Abstract
Summary
In plants, the targets of deeply conserved microRNAs (miRNAs) were comprehensively studied. Evidence is emerging that targets of less conserved miRNAs, endogenous target mimics (eTM) and non-canonical targets play functional roles. Existing plant miRNA prediction tools lack a cross-species conservation filter and eTM prediction function. We developed a tool named TarHunter that features a strict cross-species conservation filter and capability of predicting eTMs. TarHunter has higher recall or precision rate as compared with other tools, and the conservation filter effectively increases prediction precision. TarHunter prediction combined with degradome analysis uncovered previously neglected miRNA targets including non-canonical target sites from various plant species, which are available at the TarHunter website (http://tarhunter.genetics.ac.cn/).

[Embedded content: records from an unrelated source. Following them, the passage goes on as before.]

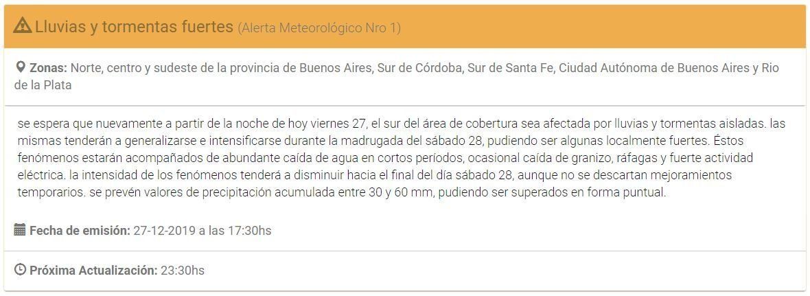 El pronóstico no es nada alentador y, según adelantaron, podrían registrarse lluvias de variada intensidad durante la noche de este viernes, intensificándose hacia la madrugada del sábado. "Estos fenómenos estarán acompañados de abundante caída de agua en cortos períodos, ocasional caída de granizo, ráfagas y fuerte actividad eléctrica", explicaron los expertos en el marco de la alerta emitida durante la tarde de este viernes.
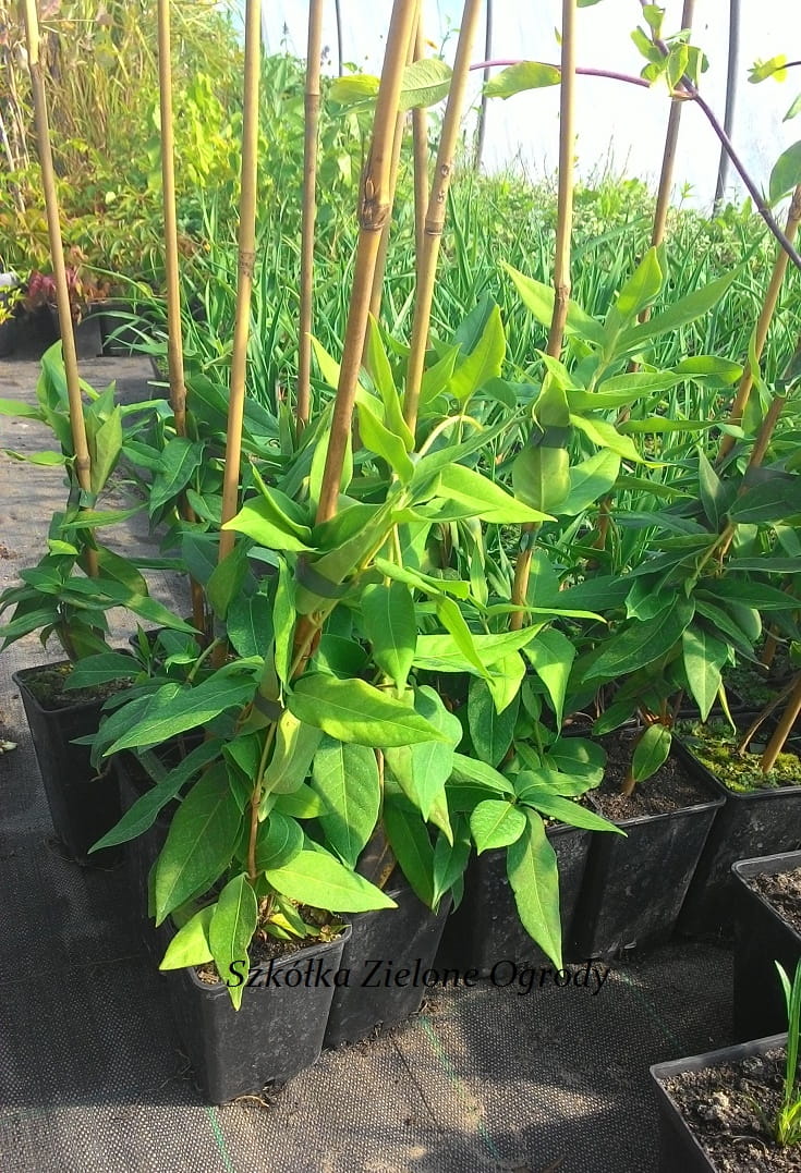Atrakcyjny, zimozielony wiciokrzew o lancetowatych, ciemnozielonych, błyszczących liściach o długości do 12 cm i szerokości 2-3 cm.
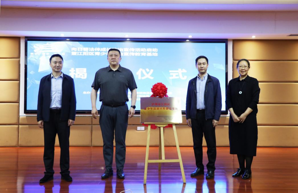 近日,江阳区图书馆举行了“向日葵”法伴成长法治宣传活动启动仪式暨江阳区青少年法治宣传教育基地揭牌仪式。此次活动由泸州市司法局党委委员、政治部主任李望霖,江阳区委常委、政法委书记张志方,区人大常委会副主任廖竞瑜等领导出席。
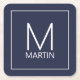 Modern minimalist design features personalized monogram and name in white modern sans serif font style on navy blue background.
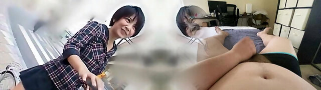 Lazy Japanese nympho geta her a bit hairy pussy finger-tickled and teased with toy

Availability and implementation
The code of TarHunter is available on Github (https://github.com/XMaBio).
Supplementary information
Supplementary data are available at Bioinformatics online.
1 Introduction
Plant microRNAs (miRNAs) are endogenous ∼21 nucleotide RNAs that pair with their target RNAs in a near-complementary manner (Rhoades et al., 2002). Various bioinformatics tools such as Targetfinder (Fahlgren and Carrington, 2010), psRNATarget (Dai and Zhao, 2011), comTAR (Chorostecki and Palatnik, 2014), psRobot (Wu et al., 2012), CleaveLand (Addo-Quaye et al., 2009) and sPARTA (Kakrana et al., 2014) have been developed to predict miRNA targets in plants. However, these tools have limited ability to predict cross-species conserved miRNA targets. psRobot’s conservation analysis is only limited to eight species. comTAR only focuses on 22 conserved miRNAs and neglects less conserved miRNAs. Currently, there is no standalone pipeline available for conservation analysis of miRNA targets in plants.
Additionally, only a handful of miRNA target mimics (eTM) have been experimentally identified in plants (Franco-Zorrilla et al., 2007; Li et al., 2015; Wu et al., 2013). It was recently shown that central mismatches rather than bulges confer effective target mimicry in plants (Liu et al., 2014); thus, the currently available eTM prediction algorithm (Karakülah et al., 2016; Wu et al., 2013) needs to be improved.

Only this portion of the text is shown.